My nano-fluentd instance was getting overloaded and swapping heavily on a 5GB log from remote fluent-bit.. I ended up fixing it with this:

Settings below are sending 8x smaller chunks every 15 second flush.
Try storage.max_chunks_up between 8-32 (default is 128!) and low buffer/chunk sizes.
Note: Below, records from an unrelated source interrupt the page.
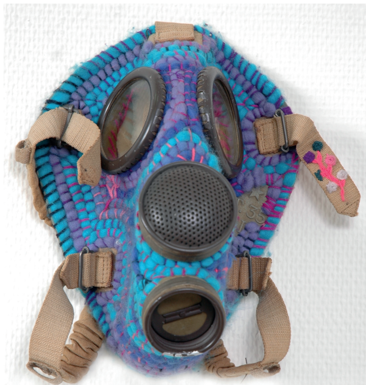
Szenes Zsuzsa: Ami korábban használati tárgy volt, most dísz (1975), Szombathelyi Képtár; a Savaria Megyei Hatókörű Városi Múzeum jóvoltából.

tó elismerését mesterségének, amely egyszerre a képzelet csodája és a test munkája. 1929-es regényében, a Laughing Boy ban Oliver La Farge egy indián nőről ír, aki a közösségtől távol nevelkedik, felnőttként kell megtanulnia szóni, s azt reméli, hogy a szövés elsajátítása „beteljesíti idilljét”. (La Farge 2004 [1929], 74) De – mint mindenki tudja, aki sző –, a tanulás folyamata hosszadalmas: fizikailag, értelmileg és érzelmileg is. „Arról ábrándozott, hogy megint beleképzelje magát, de alig idő múltán megfájdult a háta” – írja La Farge –, „alkarjai elnehezültek, tenyerében éles fájdalmat érzett, miközben a fonalak démonokként incselkedtek vele. Az állandó, monoton fonás merő tortúra volt, a festékekről pedig lényegében semmit sem tudott”. (La Farge 2004 [1929], 74-75) Magától értetődő, hogy a kárpitokban színük bujaságáért, szövetük szépségéért és a struktúrákban megjelenő meglepő részletekért gyönyörködünk. El kéne végre ismernünk, hogy az ehhez szükséges képességeket senki sem ajándékba kapja. Hogy nem virtuális hálóknak születnek, és nem kevesebb kell a megszerzésükhöz, mint valós testi munka, materiális megértés és a szövő kéz bölcsessége.
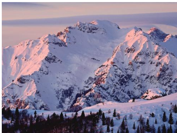
Immagini della val caprara

I percorso è molto verde, selvaggio , si attraverserà una cava abbandonata e si arriverà dopo circa 4 ore alla località sette croci ( quota 2000 m. ) da cui si avrà ampia visuale della zona sacra del monte Pasubio. Si proseguirà fino a raggiungere dopo circa 2 ore il rifugio Lancia (quota 1825 m.) dove ci fermeremo per la cena e il pernottamento.
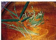
■將竹心葉曬乾備用。
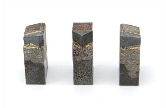
⑰⑱HW20RH右左(20×32×60) ⑲HW20RG中(20×32×60) 用途：鋼管杭等
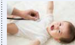
● 産婦・乳児健康診査事業 98万円
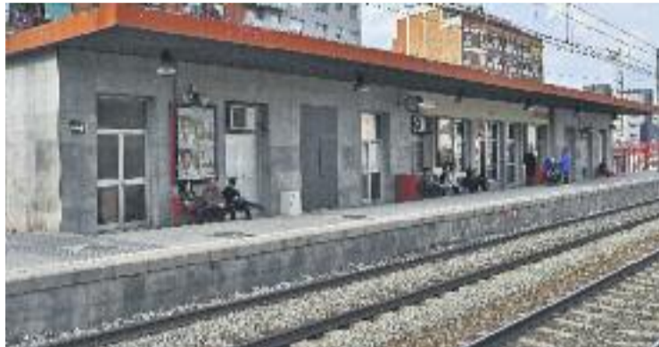
El robatori de coure va provocar el tall de l'R2, l'R11 i l'R8.

Segons informa Adif, "per motius tècnics i amb l'objectiu de facilitar els treballs de restabliment de la circulació habitual a la línia R8", des d'ahir i fins dissabte el servei d'aquesta línia entre Cerdanyola Universitat i Mollet Sant Fost es presta a intervals. Així doncs, entre les vuit i les cinc de la tarda, el tren circula entre Martorell i Mollet i entre Martorell i Cerdanyola Universitat. La resta del dia, el servei s'ofereix per carretera. Dilluns es mantindrà el servei de les darreres setmanes i entre les vuit del matí i les vuit del
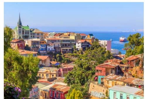
Blick über Valparaiso

Heute besuchen Sie „Valpo“ und „Viña“ – die beiden Städte liegen direkt nebeneinander und sind doch grundverschieden. Valparaiso besticht mit engen Gassen, unendlich vielen Treppen, historischen Liftanlagen und vielen Aussichtspunkten. Sie fahren durch die bunten Straßen mit ihren farbenfrohen Graffiti, die Teil des UNESCO Weltkulturerbes sind. Viña del Mar ist der bekannteste und wichtigste Badeort in Chile, mit wunderschönen Parks, langen Stränden und mediterranem Klima. Am späten Nachmittag geht es für Sie zum Hafen, hier gehen Sie an Bord der OOSTERDAM und Ihre Kreuzfahrt startet.
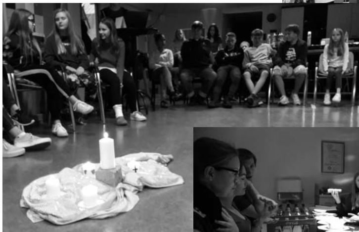
...Jugendgottesdienst zum Thema "Cyberkriminalität - Angriff auf mein Leben."
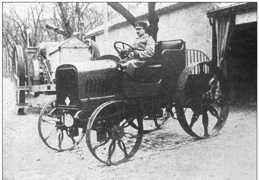
MAF-Schlepper 1916 1
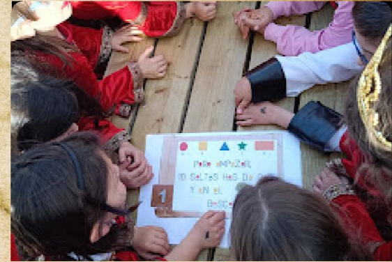
Búsqueda del tesoro

Con diseños medievales y elaborados por alumnado de 6º.

That will set the max size per chunk.

[SERVICE]
flush 15
..
storage.path /data/buffer
storage.sync normal
storage.backlog.mem_limit 2M
storage.max_chunks_up 8
..

[INPUT]
Name tail
..
Buffer_Chunk_Size 64k
Buffer_Max_Size 256k
Mem_Buf_Limit 512k
storage.type filesystem

My fluent-bit filesystem buffer was filled as quickly as possible, using a full CPU until all 5GB was loaded into it, so make sure you have enough storage there for a second copy of your input.
Maybe a storage.max_buffer_size setting would be nice to pause tail when the storage buffer is full, effectively throttling the input to the output. I would set mine to 1GB -- more than enough in my case to cover emergencies and also handle large imports a bit more gracefully.